■ **Records from a data source**
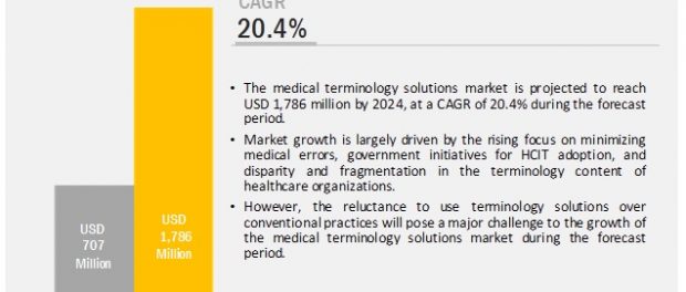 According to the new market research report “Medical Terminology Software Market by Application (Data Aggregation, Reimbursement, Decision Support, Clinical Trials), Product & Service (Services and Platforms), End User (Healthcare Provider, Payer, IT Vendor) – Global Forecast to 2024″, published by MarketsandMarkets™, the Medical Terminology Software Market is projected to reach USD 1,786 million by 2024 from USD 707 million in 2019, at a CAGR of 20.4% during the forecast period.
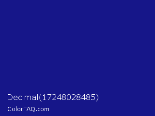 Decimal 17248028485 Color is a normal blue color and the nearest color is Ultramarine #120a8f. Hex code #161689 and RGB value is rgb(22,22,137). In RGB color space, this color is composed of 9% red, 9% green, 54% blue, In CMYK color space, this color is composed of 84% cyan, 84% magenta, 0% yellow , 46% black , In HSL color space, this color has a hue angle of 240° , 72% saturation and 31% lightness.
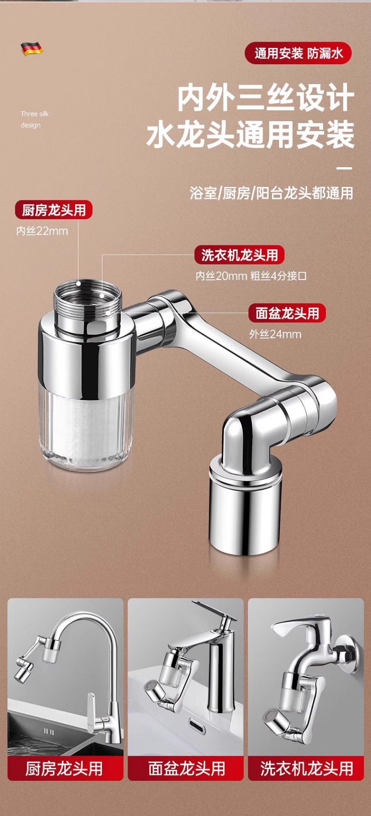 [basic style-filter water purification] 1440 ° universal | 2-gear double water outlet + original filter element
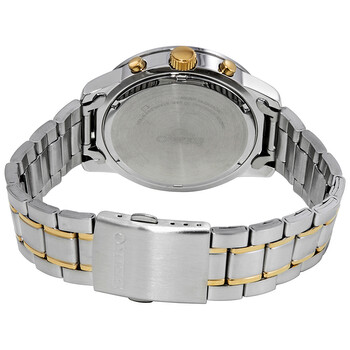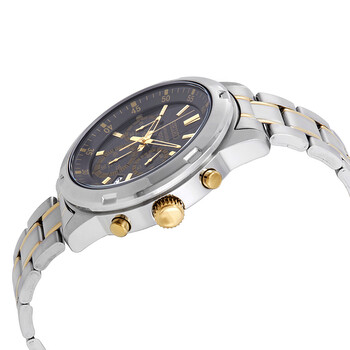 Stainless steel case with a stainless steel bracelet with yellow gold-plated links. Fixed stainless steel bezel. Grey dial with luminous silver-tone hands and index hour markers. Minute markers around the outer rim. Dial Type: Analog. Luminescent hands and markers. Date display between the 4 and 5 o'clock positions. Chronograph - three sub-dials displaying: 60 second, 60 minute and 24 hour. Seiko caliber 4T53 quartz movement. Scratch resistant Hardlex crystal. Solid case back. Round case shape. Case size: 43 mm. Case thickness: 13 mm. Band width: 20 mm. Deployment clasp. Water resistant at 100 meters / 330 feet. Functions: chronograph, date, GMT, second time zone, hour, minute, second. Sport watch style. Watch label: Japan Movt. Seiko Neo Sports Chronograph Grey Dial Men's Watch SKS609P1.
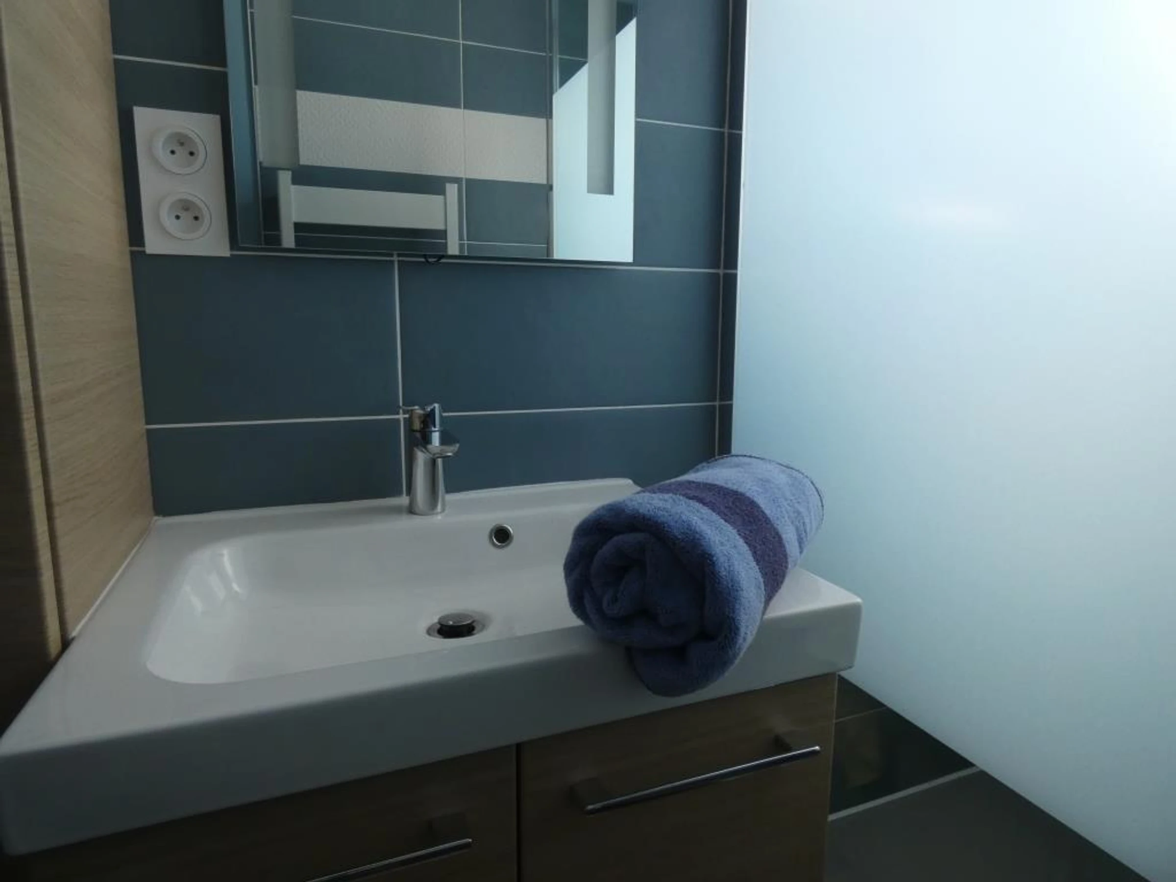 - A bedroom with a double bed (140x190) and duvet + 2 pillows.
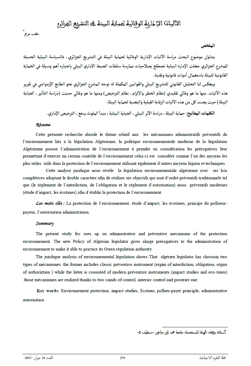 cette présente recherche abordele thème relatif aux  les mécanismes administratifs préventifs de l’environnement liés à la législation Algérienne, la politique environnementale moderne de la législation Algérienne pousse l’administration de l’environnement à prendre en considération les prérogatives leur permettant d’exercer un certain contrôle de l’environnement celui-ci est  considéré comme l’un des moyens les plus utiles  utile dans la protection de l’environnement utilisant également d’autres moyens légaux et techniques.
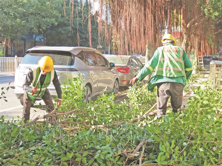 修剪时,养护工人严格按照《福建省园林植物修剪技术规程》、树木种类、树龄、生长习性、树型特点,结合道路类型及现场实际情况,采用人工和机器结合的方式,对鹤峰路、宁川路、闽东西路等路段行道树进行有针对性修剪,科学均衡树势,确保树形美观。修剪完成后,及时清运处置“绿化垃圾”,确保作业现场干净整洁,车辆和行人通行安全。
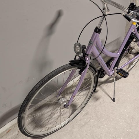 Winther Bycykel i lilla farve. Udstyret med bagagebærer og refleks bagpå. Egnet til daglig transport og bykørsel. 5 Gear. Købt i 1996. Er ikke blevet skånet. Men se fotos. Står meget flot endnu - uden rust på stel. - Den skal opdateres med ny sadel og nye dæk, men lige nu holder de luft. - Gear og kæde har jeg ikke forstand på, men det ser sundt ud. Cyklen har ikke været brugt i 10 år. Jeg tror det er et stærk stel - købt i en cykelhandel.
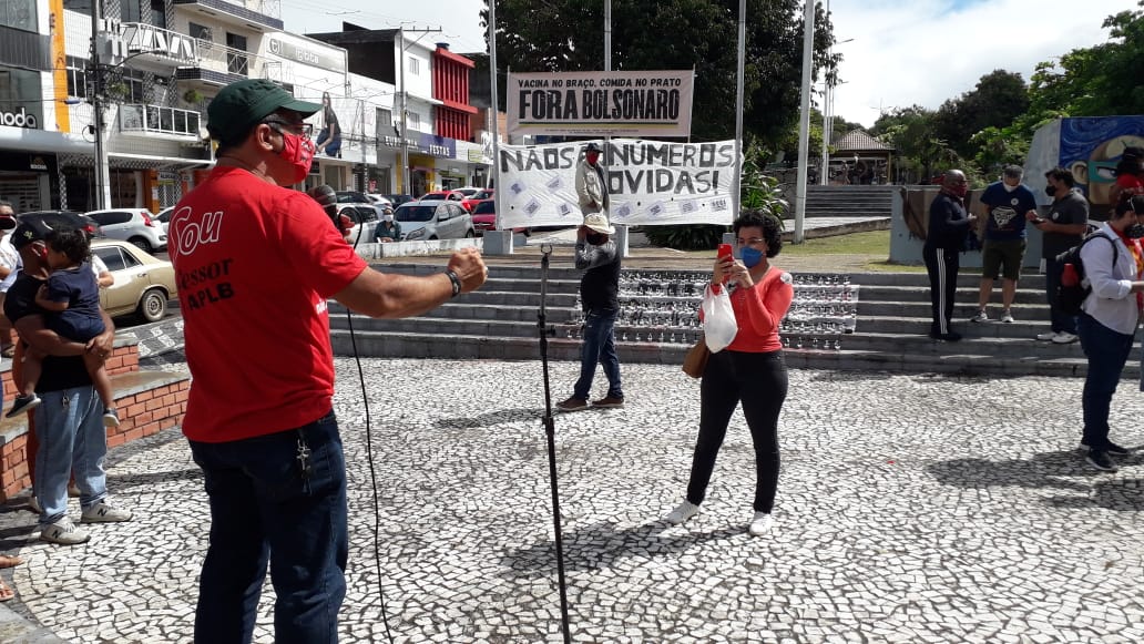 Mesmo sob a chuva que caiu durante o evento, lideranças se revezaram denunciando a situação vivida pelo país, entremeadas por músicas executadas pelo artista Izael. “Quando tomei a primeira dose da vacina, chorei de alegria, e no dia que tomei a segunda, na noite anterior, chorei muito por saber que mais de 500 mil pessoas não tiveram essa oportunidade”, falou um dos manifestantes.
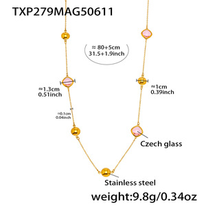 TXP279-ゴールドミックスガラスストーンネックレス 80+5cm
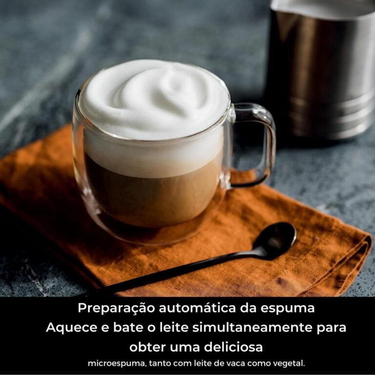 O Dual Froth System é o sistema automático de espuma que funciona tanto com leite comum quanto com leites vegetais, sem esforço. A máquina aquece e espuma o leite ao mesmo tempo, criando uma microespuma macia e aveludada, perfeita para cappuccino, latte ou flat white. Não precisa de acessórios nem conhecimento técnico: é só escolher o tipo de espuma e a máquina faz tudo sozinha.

■ **What to produce**
Can the entries above be repeated exactly, without their pictures?

■ **Task response**
 According to the new market research report “Medical Terminology Software Market by Application (Data Aggregation, Reimbursement, Decision Support, Clinical Trials), Product & Service (Services and Platforms), End User (Healthcare Provider, Payer, IT Vendor) – Global Forecast to 2024″, published by MarketsandMarkets™, the Medical Terminology Software Market is projected to reach USD 1,786 million by 2024 from USD 707 million in 2019, at a CAGR of 20.4% during the forecast period.
 Decimal 17248028485 Color is a normal blue color and the nearest color is Ultramarine #120a8f. Hex code #161689 and RGB value is rgb(22,22,137). In RGB color space, this color is composed of 9% red, 9% green, 54% blue, In CMYK color space, this color is composed of 84% cyan, 84% magenta, 0% yellow , 46% black , In HSL color space, this color has a hue angle of 240° , 72% saturation and 31% lightness.
 [basic style-filter water purification] 1440 ° universal | 2-gear double water outlet + original filter element
 Stainless steel case with a stainless steel bracelet with yellow gold-plated links. Fixed stainless steel bezel. Grey dial with luminous silver-tone hands and index hour markers. Minute markers around the outer rim. Dial Type: Analog. Luminescent hands and markers. Date display between the 4 and 5 o'clock positions. Chronograph - three sub-dials displaying: 60 second, 60 minute and 24 hour. Seiko caliber 4T53 quartz movement. Scratch resistant Hardlex crystal. Solid case back. Round case shape. Case size: 43 mm. Case thickness: 13 mm. Band width: 20 mm. Deployment clasp. Water resistant at 100 meters / 330 feet. Functions: chronograph, date, GMT, second time zone, hour, minute, second. Sport watch style. Watch label: Japan Movt. Seiko Neo Sports Chronograph Grey Dial Men's Watch SKS609P1.
 - A bedroom with a double bed (140x190) and duvet + 2 pillows.
 cette présente recherche abordele thème relatif aux  les mécanismes administratifs préventifs de l’environnement liés à la législation Algérienne, la politique environnementale moderne de la législation Algérienne pousse l’administration de l’environnement à prendre en considération les prérogatives leur permettant d’exercer un certain contrôle de l’environnement celui-ci est  considéré comme l’un des moyens les plus utiles  utile dans la protection de l’environnement utilisant également d’autres moyens légaux et techniques.
 修剪时,养护工人严格按照《福建省园林植物修剪技术规程》、树木种类、树龄、生长习性、树型特点,结合道路类型及现场实际情况,采用人工和机器结合的方式,对鹤峰路、宁川路、闽东西路等路段行道树进行有针对性修剪,科学均衡树势,确保树形美观。修剪完成后,及时清运处置“绿化垃圾”,确保作业现场干净整洁,车辆和行人通行安全。
 Winther Bycykel i lilla farve. Udstyret med bagagebærer og refleks bagpå. Egnet til daglig transport og bykørsel. 5 Gear. Købt i 1996. Er ikke blevet skånet. Men se fotos. Står meget flot endnu - uden rust på stel. - Den skal opdateres med ny sadel og nye dæk, men lige nu holder de luft. - Gear og kæde har jeg ikke forstand på, men det ser sundt ud. Cyklen har ikke været brugt i 10 år. Jeg tror det er et stærk stel - købt i en cykelhandel.
 Mesmo sob a chuva que caiu durante o evento, lideranças se revezaram denunciando a situação vivida pelo país, entremeadas por músicas executadas pelo artista Izael. “Quando tomei a primeira dose da vacina, chorei de alegria, e no dia que tomei a segunda, na noite anterior, chorei muito por saber que mais de 500 mil pessoas não tiveram essa oportunidade”, falou um dos manifestantes.
 TXP279-ゴールドミックスガラスストーンネックレス 80+5cm
 O Dual Froth System é o sistema automático de espuma que funciona tanto com leite comum quanto com leites vegetais, sem esforço. A máquina aquece e espuma o leite ao mesmo tempo, criando uma microespuma macia e aveludada, perfeita para cappuccino, latte ou flat white. Não precisa de acessórios nem conhecimento técnico: é só escolher o tipo de espuma e a máquina faz tudo sozinha.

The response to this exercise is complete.